Perhaps Bitcoin is not the answer at all. It cannot solve employment, cannot rebuild trust between people, nor has it made this world fairer. But at least it makes us acknowledge —
In this era, some old logic has reached its end.
There are many interesting things in this circle, and each round of bull and bear is very tumultuous. Global liquidity comes and goes quickly, often rising with great momentum, with positive feedback from incremental funds pushed to the extreme, and when it crashes down, it can drag hundreds of coins down to unfathomable depths.
The wealth effect of this round of altcoin season is indeed the weakest. You might still be holding onto spot assets that are stuck, still holding onto TRUMP bought at 50U in mid-January, and the world coin hanging at the 10U peak has halved, and BANANA, which has lost half its value, while buying BTT which has dropped a zero due to Sun Ge. Speaking of Sun Yuchen, he has always been a 'topic generator' in the crypto world. He previously bid on a lunch with Buffett but then canceled at the last minute, being called 'Sun the Harvester' by many, and even the SEC has sued him. But you see, he can walk out of so many controversies and send Tron to the US stock market.
However, you can listen to Sun's words, but do not approach Sun's coins with faith, 'the preacher' and 'the harvester'.
There is a thin line between them, and this line is called 'trust'.
Let's take a look at Fil, once the leader of the storage industry. I believe three years and three years, many people are stuck holding it, from a peak of $238 in 2021 to a range of $2.5-3 in 2025, and the miner market crashed accordingly. Early miners sold for tens of thousands to hundreds of thousands (e.g., a 96T miner was about 140,000).
Some of its miners are suspected of false advertising, such as Hubei Blizzard Cloud and others being exposed for overselling computing power by more than ten times. Users' actual mining returns are far lower than promised, and there are even issues with the transparency of miner delivery and operation. Such incidents severely damage FIL's market reputation, and institutions and large holders generally avoid it, but currently, second-hand miner prices have dropped to 800 yuan with no one interested. Daily selling pressure of 500,000 FIL (about $1.25 million) is hard to sustain in a bear market, leading to liquidity exhaustion, a typical capital harvesting! FIL's ideal of a storage revolution is still worthy of respect, but as an investment target, it has entered a death spiral. In the wave of financial reform, you either become a wave rider or are drowned by the tide!

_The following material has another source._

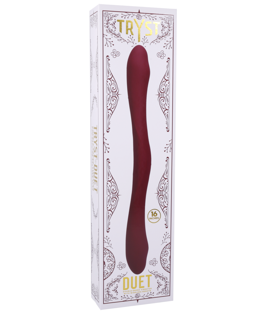Because each motor has its own button, one end can be powered off completely while the other is active, or each can be set to a different vibration pattern to enjoy any combination of the 10 powerful vibrating modes. The TRYST Duet is fun and easy to use with the wireless remote control and magnetic USB charging cable.

Everyone should have noticed the recent hotspots, meme launch platform pump and bonk are rising. Pump's first buyback was $2.1 million, expected annual buyback is $200 million, and the buyback pump is meant to offload to large exchanges. The bonk series meme's useless, ani, and others surged before nearly halving. Among them, ani is an AI meme concept by Musk.
Faith and structural games intertwine, with institutions and retail investors having different mindsets. During this period, some people will enjoy the tremendous compounding of time. However, due to human greed for more and faster, coupled with various uncertainties, few retail investors can reap the dividends.
So what I want to say is that the so-called 'good start and good finish' is never about predicting high and low points, but whether you have a mature methodology to cope with a bull market.